Now if $\gcd(A,B)=1$, then $$\mathbb Z/\left<AB\right> \cong \mathbb Z/\left<A\right> \times \mathbb Z/\left<B\right>$$
This is essentially the Chinese remainder theorem.
But the number of units in the ring $\mathbb Z/\left<n\right>$ is $\phi(n)$. So the number of units in $\mathbb Z/\left<AB\right>$ is $\phi(AB)$ and the number of units in $\mathbb Z/\left<A\right> \times \mathbb Z/\left<B\right>$ is $\phi(A)\phi(B)$
$$n = \prod_{k=1}^{z}p_{k}^{e_{k}}$$ $$\varphi(n) = n \prod_{k=1}^{z}(1-\frac{1}{p_{k}})$$ Let $$a=\prod_{k=1}^{w} p_{k}^{e_{k}}\quad b=\prod_{k=w+1}^{z} p_{k}^{e_{k}}$$ $n=ab$, then $$\varphi(a) = a\prod_{k=1}^{w}(1-\frac{1}{p_{k}})$$ $$\varphi(b) = b\prod_{k=w+1}^{z}(1-\frac{1}{p_{k}})$$ $$\varphi(a)\varphi(b) = ab\prod_{k=1}^{w}(1-\frac{1}{p_{k}}) \cdot \prod_{k=w+1}^{z}(1-\frac{1}{p_{k}})$$ $$=ab\prod_{k=1}^{z}(1-\frac{1}{p_{k}})$$ $$=n\prod_{k=1}^{z}(1-\frac{1}{p_{k}})$$ $$=\varphi(n)$$ $$\varphi(a)\varphi(b)=\varphi(ab)$$
THM Assume that $(a,b)=1$. Then $$(a,y)=1 \text{ and } (b,x)=1\iff (ax+by,ab)=1$$
P We prove the contrapositive of each direction.
$(\Rightarrow)$ Suppose thus that there is a prime $p$ such that $p\mid (ax+by,ab)$. Then $p\mid ab$. Without loss of generality, assume $p \mid a$. Since $p\mid ax+by$, we have $p\mid by$, and since $(a,b)=1$, $p\mid y$. Thus $p\mid (a,y)\implies (a,y)>1$. We have thus proven, under the hypothesis that $(a,b)=1$; that $$(ax+by,ab)>1\implies (a,y)>1 \text{ or } (b,x)>1$$ since the other option would have been assuming that $p\mid a$.
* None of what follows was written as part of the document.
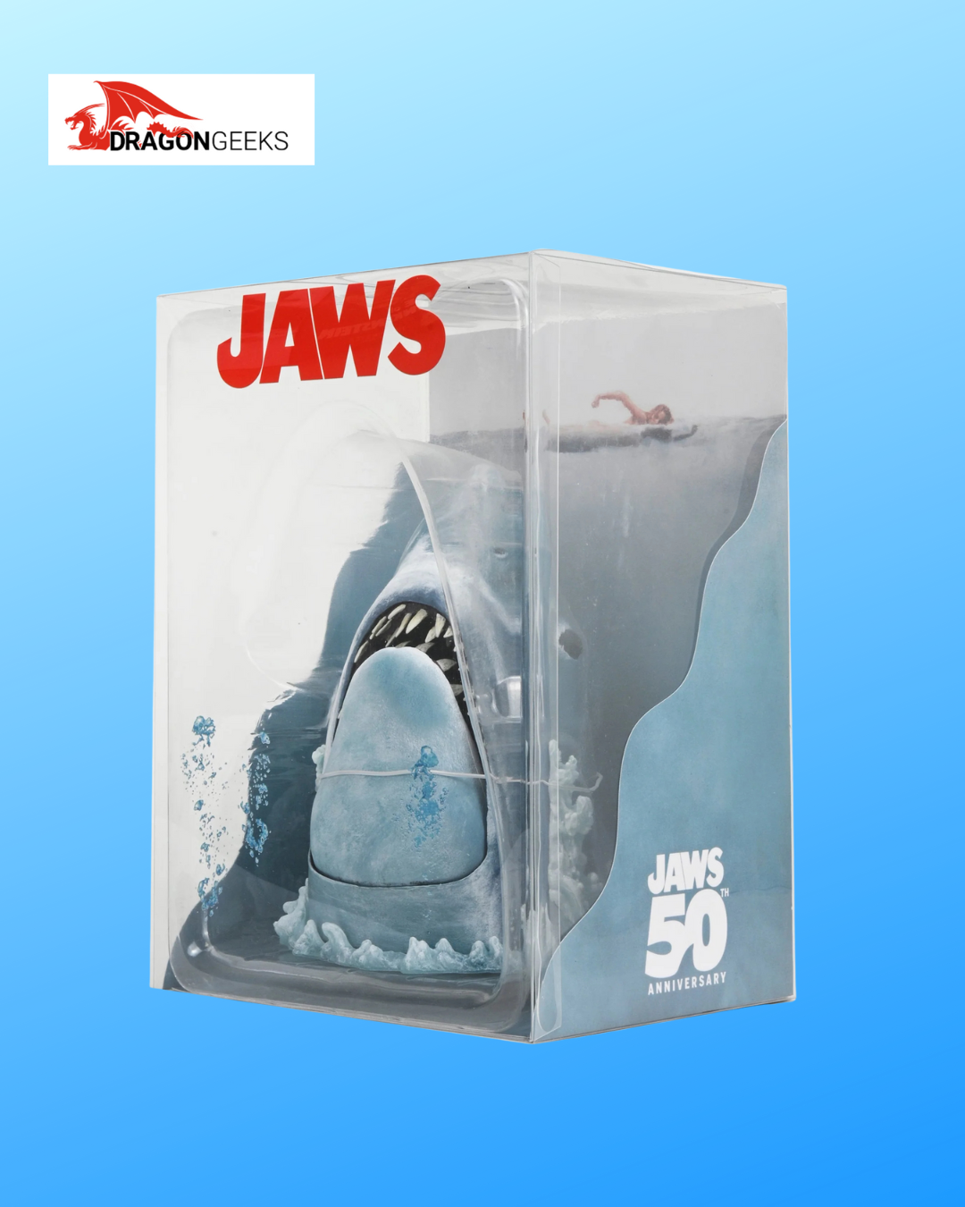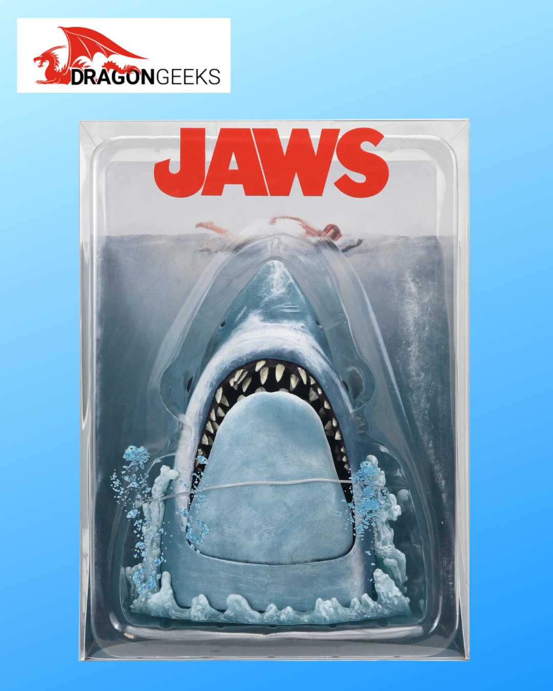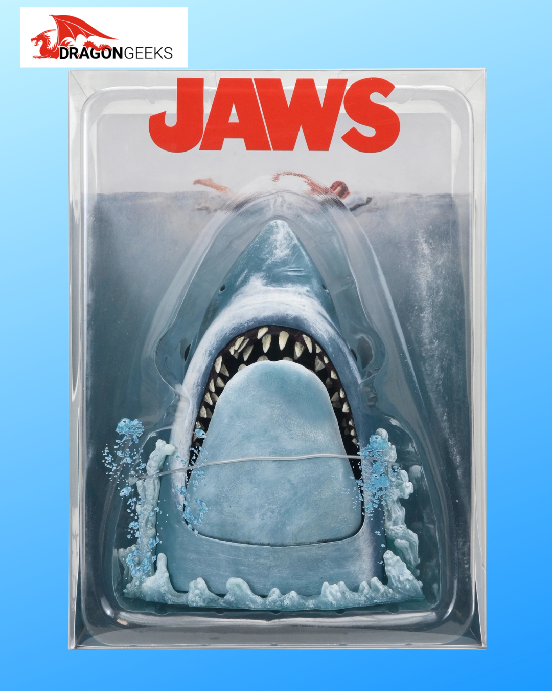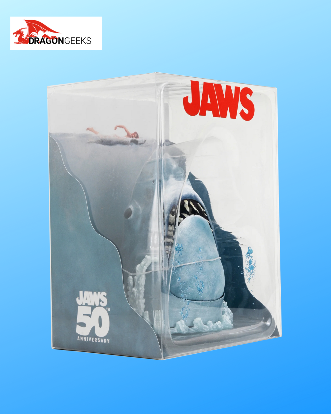 Celebrate 50 years of Jaws! Considered one of the greatest achievements in film, the classic 1975 Steven Spielberg thriller paved the way for what would become the summer blockbuster. In honor of its anniversary, NECA is bringing the movie's legendary poster artwork to life as a collectible display piece. Sculpted and painted to replicate the intricate detail of the mako shark from Roger Kastel’s original iconic painting, this menacing figure features an articulated jaw and sits atop a stylized water base with sculpted bubbles. Designed to look like a three-dimensional version of the poster, the shark comes in a clear window box with a backdrop insert that recreates the classic poster. It’s a must-have tribute piece for Jaws fans!

$(\Leftarrow)$ Now suppose $(x,b)>1$. Then $(ax+by,ab)>1$ since $(x,b)\mid ax+by$. Analogously, $(a,y)>1$ implies $(ax+by,ab)>1$. $\blacktriangle$
COR Suppose that $(a,b)=1$, and that $x$ ranges through the $\phi(b)$ numbers coprime to $b$ and $y$ ranges throughout the $\phi(a)$ numbers coprime to $a$. Then $ax+by$ ranges throughout the $\phi(a)\cdot\phi(b)$ numbers coprime to $ab$, which in turn is $\phi(a\cdot b)$.